What the task requires: Would you copy the lines below exactly and omit the images?

Record excerpts:
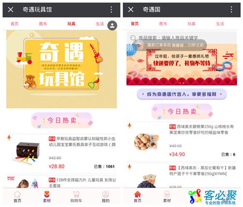 以上示例效果需要美工进行相应的设计,里面主要用到的装修模块有:图片广告、标题栏、图片导航
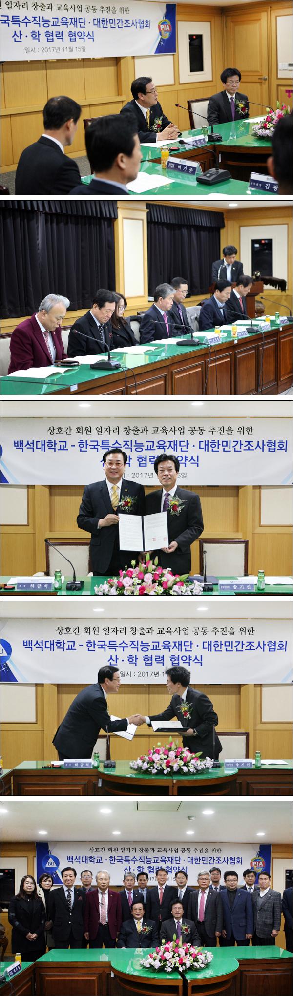 본 협회 하금석 회장과 백석대학교 송기신 부총장은 2017년 11월 15일 충북 천안의 백석대학교에서 탐정(민간조사) 최고위과정, PIA 민간조사 자격취득 전문화 교육에 관한 업무제휴 협약식을 거행하였습니다.
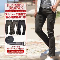 【e180】 / カーゴパンツ メンズ カーゴ スキニー スリム ストレッチ 無地 カモフラ 迷彩 カモフラージュ 黒 おしゃれ ロング ベルト付
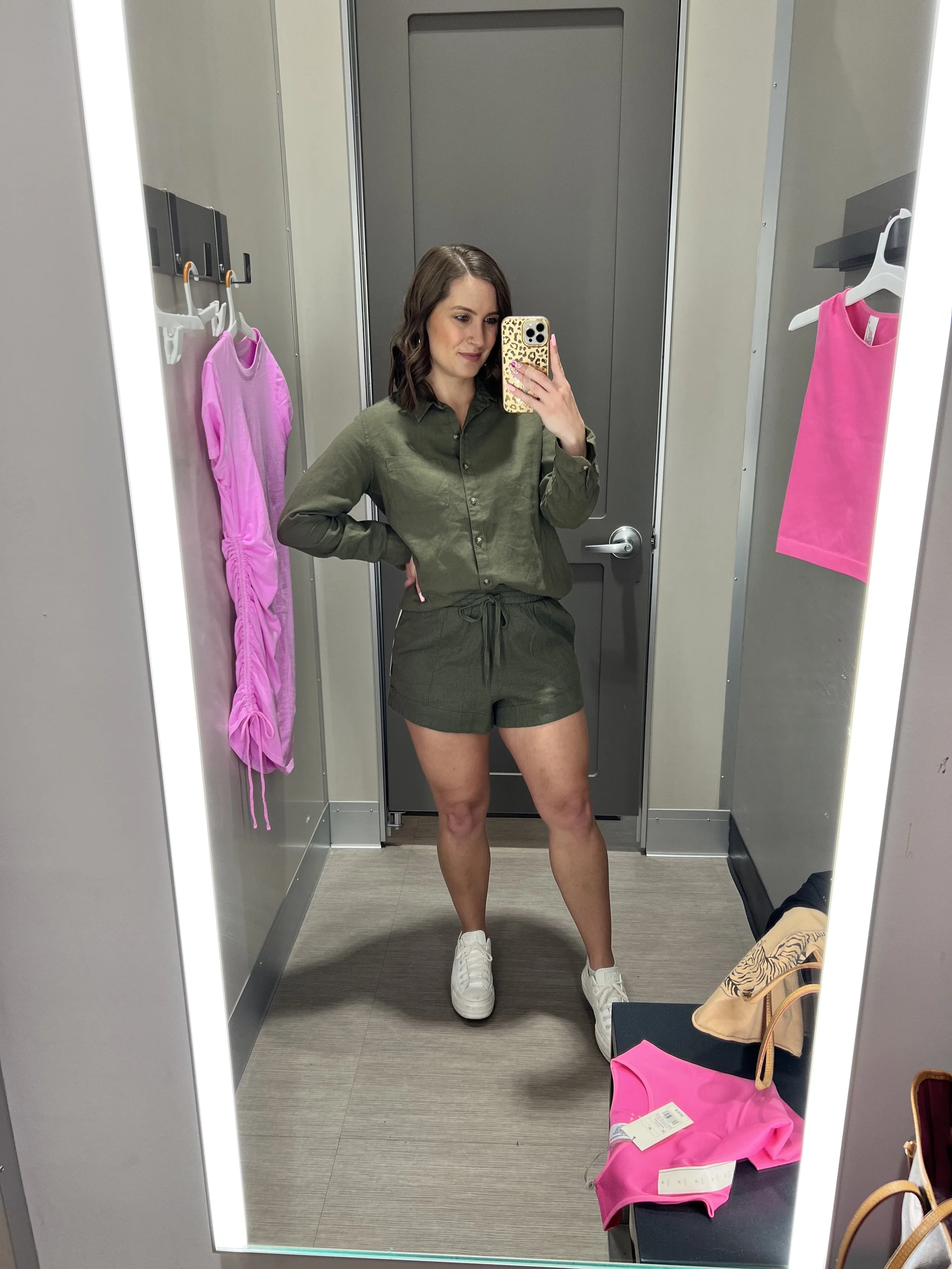 Here is that same set in olive green. I passed on this one but wanted to share for my non pink lovers, lol. In this picture i’m wearing a small in the shorts that fit well and have pockets, and the shirt is an XS but I need a small.
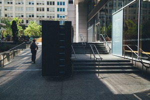 The photograph captures a solitary figure walking along a modern urban pathway, bathed in natural light that highlights the stark contrast between the structures and the pedestrian. The composition emphasizes clean lines and geometric shapes, creating a sense of structured calm amidst the city bustle. Soft greenery in the background adds a hint of vitality to the otherwise minimalist scene.
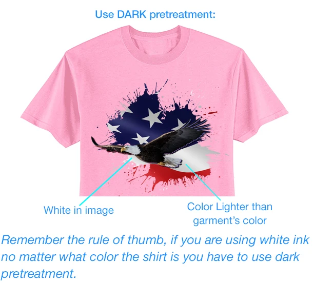 Существует очень простое правило: если вы печатаете любые белые чернила, вы должны использовать темную pretreatment независимо от цвета рубашки. Таким образом, его следует назвать «Белой чернильной» предварительной обработкой, но затем он запутается с белыми рубашками.
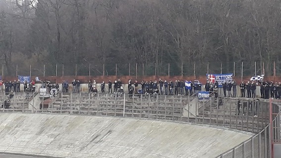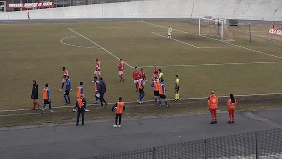 VARESE -06-02-2022 -- Gli azzurri escono dallo stadio sotto le urla della tribuna del Città di Varese che grida “ladri”, ma la squadra di Marchioni ipoteca il successo in campionato al termine di una gara non bella, ma combattuta e vinta con spirito utilitaristico.
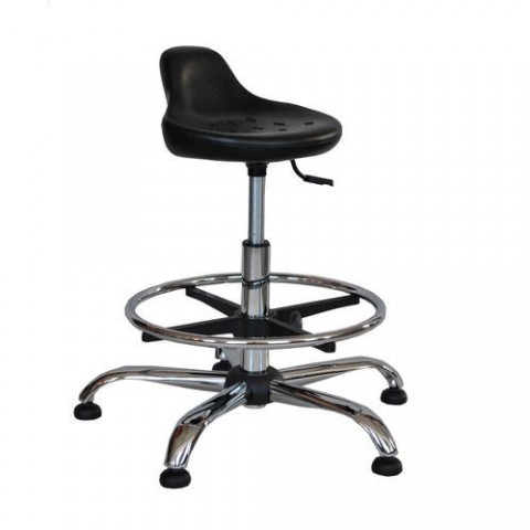 Laboratorní židle Vanig je složena z omyvatelného sedátka a ocelového kříže, který zajišťuje dobrou stabilitu a estetický vzhled stoličky. Nastavitelná kruhová opěrka zajišťuje komfortní posed uživatele. Materiál laboratorní stoličky je odolný vůči olejům, prachu i mechanickému poškození. Vhodný především pro dílenské či laboratorní použití. Stavitelná výška sedáku je zabezpečena plynovým pístem. barva sedáku: černá barva konstrukce: chrom materiál sedáku: polyuretanová pěna materiál kříže: chromovaná ocel mechanika: synchronní nosnost: 100 kg rozměry sedáku š x h: 35 x 35 cm výška sedáku: 49 - 68 cm opěrka nohou: ano typ opěrky nohou: výškově nastavitelné dodáváno v rozloženém stavu, plynový pístZvýšená laboratorní stolička Vanig
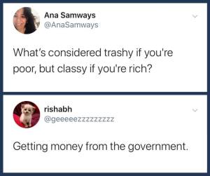 Hypothesize with me: the red-hatted aren’t guided by a hatred for socialism but a love for brocialism. They don’t have an issue with government handouts. Their problems lie more in the area of who gets the handouts.
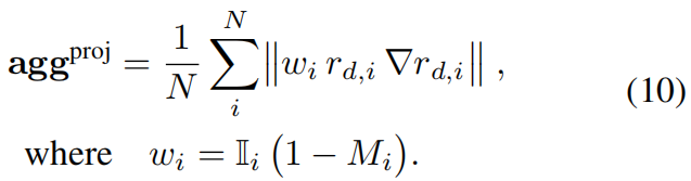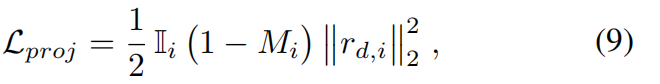 其中 r d , i = d i − D i ( u i , v i ) r_{d,i} = d_i − D_i(u_i,v_i) rd,i=di−Di(ui,vi), M i M_i Mi为初始动态mask, I i I_i Ii为可见性mask, r d , i r_{d,i} rd,i为投影深度di与深度图Di之间的深度残差。
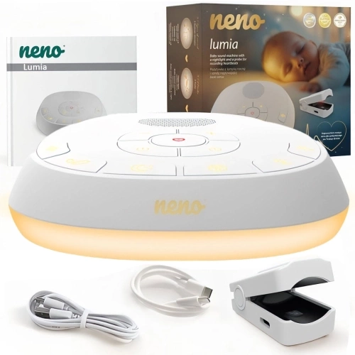 Neno Lumia to unikalna pozytywka z lampką nocną, która nagrywa bicie serca rodzica, dając dziecku poczucie bezpieczeństwa. Oferuje biały szum, dźwięki natury, kołysanki oraz 11 kolorów światła z regulacją jasności. Dzięki timerowi i 7 poziomom głośności dostosujesz działanie do potrzeb malucha. Mała, przenośna i wielofunkcyjna – idealna do usypiania i wyciszania dziecka
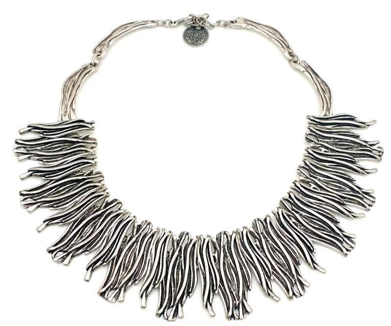 It is silver plated over Zinc. It "doesn't" change color. Led and nicel free.

Reply:
 以上示例效果需要美工进行相应的设计,里面主要用到的装修模块有:图片广告、标题栏、图片导航
 본 협회 하금석 회장과 백석대학교 송기신 부총장은 2017년 11월 15일 충북 천안의 백석대학교에서 탐정(민간조사) 최고위과정, PIA 민간조사 자격취득 전문화 교육에 관한 업무제휴 협약식을 거행하였습니다.
 【e180】 / カーゴパンツ メンズ カーゴ スキニー スリム ストレッチ 無地 カモフラ 迷彩 カモフラージュ 黒 おしゃれ ロング ベルト付
 Here is that same set in olive green. I passed on this one but wanted to share for my non pink lovers, lol. In this picture i’m wearing a small in the shorts that fit well and have pockets, and the shirt is an XS but I need a small.
 The photograph captures a solitary figure walking along a modern urban pathway, bathed in natural light that highlights the stark contrast between the structures and the pedestrian. The composition emphasizes clean lines and geometric shapes, creating a sense of structured calm amidst the city bustle. Soft greenery in the background adds a hint of vitality to the otherwise minimalist scene.
 Существует очень простое правило: если вы печатаете любые белые чернила, вы должны использовать темную pretreatment независимо от цвета рубашки. Таким образом, его следует назвать «Белой чернильной» предварительной обработкой, но затем он запутается с белыми рубашками.
 VARESE -06-02-2022 -- Gli azzurri escono dallo stadio sotto le urla della tribuna del Città di Varese che grida “ladri”, ma la squadra di Marchioni ipoteca il successo in campionato al termine di una gara non bella, ma combattuta e vinta con spirito utilitaristico.
 Laboratorní židle Vanig je složena z omyvatelného sedátka a ocelového kříže, který zajišťuje dobrou stabilitu a estetický vzhled stoličky. Nastavitelná kruhová opěrka zajišťuje komfortní posed uživatele. Materiál laboratorní stoličky je odolný vůči olejům, prachu i mechanickému poškození. Vhodný především pro dílenské či laboratorní použití. Stavitelná výška sedáku je zabezpečena plynovým pístem. barva sedáku: černá barva konstrukce: chrom materiál sedáku: polyuretanová pěna materiál kříže: chromovaná ocel mechanika: synchronní nosnost: 100 kg rozměry sedáku š x h: 35 x 35 cm výška sedáku: 49 - 68 cm opěrka nohou: ano typ opěrky nohou: výškově nastavitelné dodáváno v rozloženém stavu, plynový pístZvýšená laboratorní stolička Vanig
 Hypothesize with me: the red-hatted aren’t guided by a hatred for socialism but a love for brocialism. They don’t have an issue with government handouts. Their problems lie more in the area of who gets the handouts.
 其中 r d , i = d i − D i ( u i , v i ) r_{d,i} = d_i − D_i(u_i,v_i) rd,i=di−Di(ui,vi), M i M_i Mi为初始动态mask, I i I_i Ii为可见性mask, r d , i r_{d,i} rd,i为投影深度di与深度图Di之间的深度残差。
 Neno Lumia to unikalna pozytywka z lampką nocną, która nagrywa bicie serca rodzica, dając dziecku poczucie bezpieczeństwa. Oferuje biały szum, dźwięki natury, kołysanki oraz 11 kolorów światła z regulacją jasności. Dzięki timerowi i 7 poziomom głośności dostosujesz działanie do potrzeb malucha. Mała, przenośna i wielofunkcyjna – idealna do usypiania i wyciszania dziecka
 It is silver plated over Zinc. It "doesn't" change color. Led and nicel free.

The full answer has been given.